Trapped through the looking glass

People don’t really understand. They say they do, they try to fathom what it’s like, but they only scratch the surface. They may understand what it’s like to be at a party, feeling like you’re behind a glass wall, looking in at everyone else having fun and… well, connecting. They may understand what it feels like to feel that way for a little while…

But they don’t have any clue what it’s like to feel that way every day, every time, for more than 30 years. To always, and I literally mean always, feel like I’m apart from everyone else, even when they spend a little while trying to make me feel like part of the group. They don’t understand that for me to feel like part of the group will take more time and effort than they want to bother wasting on me.

They think because I look “normal”, that my brain can grasp everything theirs can; that I can see the subtle ripples in the social waters that they can see. They don’t understand. They can’t grasp that these things, these subtle nuances that they know and feel instinctively, are missing in me. Because I seem so smart, so articulate, so knowledgeable… because I can appear to not have “disabilities”… because I was born with a few gifts they may envy… they forget that I was born with pieces of my mind and heart missing.

No one understands how hard it is for me to meet complete strangers at a party or a club. Women especially. I cannot see if or when they are interested in me. I see people glancing and other people would know what the body language and expressions mean; I can’t. I see a woman glance at me and honestly can’t tell if they are thinking “He’s hawt, I hope he comes over and says hi” or thinking “Gawd, why won’t that creep stop looking in my direction, I hope I won’t have to get the bouncers.”

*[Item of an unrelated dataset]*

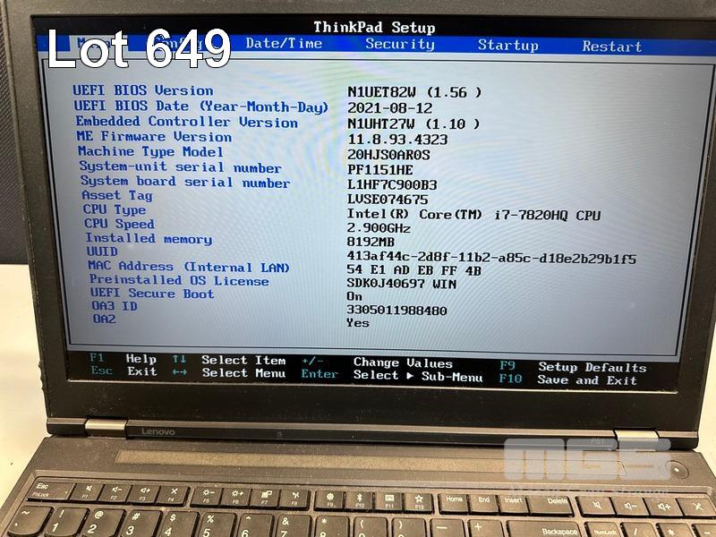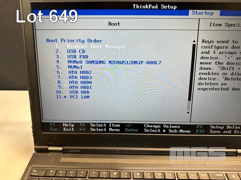 LAPTOP, LENOVO THINKPAD P51 MOBILE WORKSTATION, TYPE 20HJ, CORE i7 7820HQ (7TH GEN) @ 2.9GHz, 8GB DDR4 RAM, 512GB NVMe M.2 SSD, 15.6" WIDESCREEN (1920x1080), 4GB NVIDIA QUADRO M2200 VIDEO, Wi-Fi, BLUETOOTH, WINDOWS 10 PRO INSTALLED (NO POWER SUPPLY) (NOTE: POOR CONDITION, MOUSE FAULT, MARKS & BRIGHT SPOTS ON SCREEN) S/N:PF1151HE

I’ve seen what happens when people read the signals right. I’ve also seen all to well what happens when they read the signals wrong. I’ve fought hard all my life to not just be a nice guy, but a good man, and better than these sleazy douche-bag players. If I didn’t care about reputation or finding/building a relationship with a woman, I could probably be more brave; but I do not ever want to be the old man living alone with no family. I need to know that someone is not already thinking I’m a freak before I even say hello; but I don’t have the ability to decode the subtleties of body language etc. to be able to do that the way everyone else can.

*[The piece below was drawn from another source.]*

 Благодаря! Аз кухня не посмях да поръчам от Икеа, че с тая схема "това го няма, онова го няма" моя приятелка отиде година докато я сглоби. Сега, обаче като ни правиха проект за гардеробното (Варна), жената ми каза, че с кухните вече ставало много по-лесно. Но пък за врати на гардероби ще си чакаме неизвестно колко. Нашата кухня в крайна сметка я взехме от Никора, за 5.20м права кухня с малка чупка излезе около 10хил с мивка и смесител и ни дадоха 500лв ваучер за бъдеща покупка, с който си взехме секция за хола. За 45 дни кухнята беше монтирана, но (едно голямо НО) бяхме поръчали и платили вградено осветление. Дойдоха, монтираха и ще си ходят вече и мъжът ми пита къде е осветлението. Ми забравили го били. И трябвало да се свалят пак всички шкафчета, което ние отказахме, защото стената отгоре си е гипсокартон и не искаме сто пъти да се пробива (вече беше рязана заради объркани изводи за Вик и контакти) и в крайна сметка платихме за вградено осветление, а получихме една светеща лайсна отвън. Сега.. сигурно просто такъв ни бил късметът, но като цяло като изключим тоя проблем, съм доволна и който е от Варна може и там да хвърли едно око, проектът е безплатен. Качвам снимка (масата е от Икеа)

People take that little, teeny bit of knowledge for granted. They all say it’s easy, that anyone can do it, that I’m trying too hard or not trying enough. That I’m over-analyzing. They don’t understand. They don’t get that they don’t have to analyze at all because of the little things they can do in their brains that they take for granted. They don’t get that they can read people in ways I can’t and probably never will be able to, no matter how much I observe and study and train myself. They don’t realize they see the subtleties and know the rules by instinct and I have to actively remember and analyze where they just instinctual know.

They don’t understand that I have to over-analyze. That I am able to fake being “normal” as well as I do because I over-analyze. People have tried to make me feel like part of the group… but they only tried for a few minutes. They don’t understand that I can’t make those same connections with people that fast. I will always be trapped on the other side of the looking glass. I will always feel in the way, unwelcome, forgotten. I will always be astounded at those brief moments where I feel like maybe I am connecting, maybe I can be part of the group… because those moments are not only so brief as to last a fraction of a second, they are few and far between. I will always be afraid and unable to just go up to people I have not been introduced to outside of something that gives a common interest.

And what makes all this harder is how much of a social creature I am. I thrive on being around other people. I crave those friendships and companionships that everyone else does, maybe a little more than most. It’s hard to build them, though. People don’t understand what it takes for me to build them; the time it takes being around people and socializing with them to learn to understand them and become good friends with them. People don’t want to make that kind of effort. They also don’t understand the mixed messages I get from so many that try to help by telling me what the “rules” are. Everyone has their own view on the “rules”, some have few while others have so many that they would fill a set of encyclopedias. I’m always doing something wrong according to someone. They also seem to think that because I don’t get how to get through the initial part of meeting someone new, that I don’t know about the rest of social interaction. Which just frustrates me and pisses me off. I don’t need people to tell me how to maintain a friendship; it’s how to get out there and meet people that eludes me.

I’ve found meeting people over the internet that never meet in real life is not hard. I’ve made many friends in IMVU and myYearbook. That doesn’t mean anything. I met them through a common interest of one kind or another; in IMVU, it was often the chat room themes or something on their HP that I complimented them on. Most people I’ve met online will either never be geographically close enough to meet, or don’t trust meeting new people that they met online. Frankly, both reasons are understandable. Doesn’t make anything easier.

And they also don’t understand the financial and/or transportation roadblocks I have to meeting new people, or just don’t get why things I’ve tried don’t work. I tried having parties and telling people to bring friends; the few I’ve tried to throw in the last 6 months ended up in complete no-shows. Maybe it was just Kamloops; maybe people there are just more fake and only my friend when passing on campus or over facebook. I don’t know. I’m hoping things are really that much different here in Richmond.

All I know is that I will always need some kind of subject in common, or need people to either introduce me to new people, or need new people to make that first step instead of me… because I cannot see that first step, and spend too much time trying to analyze and make sure there’s sure footing there to land on.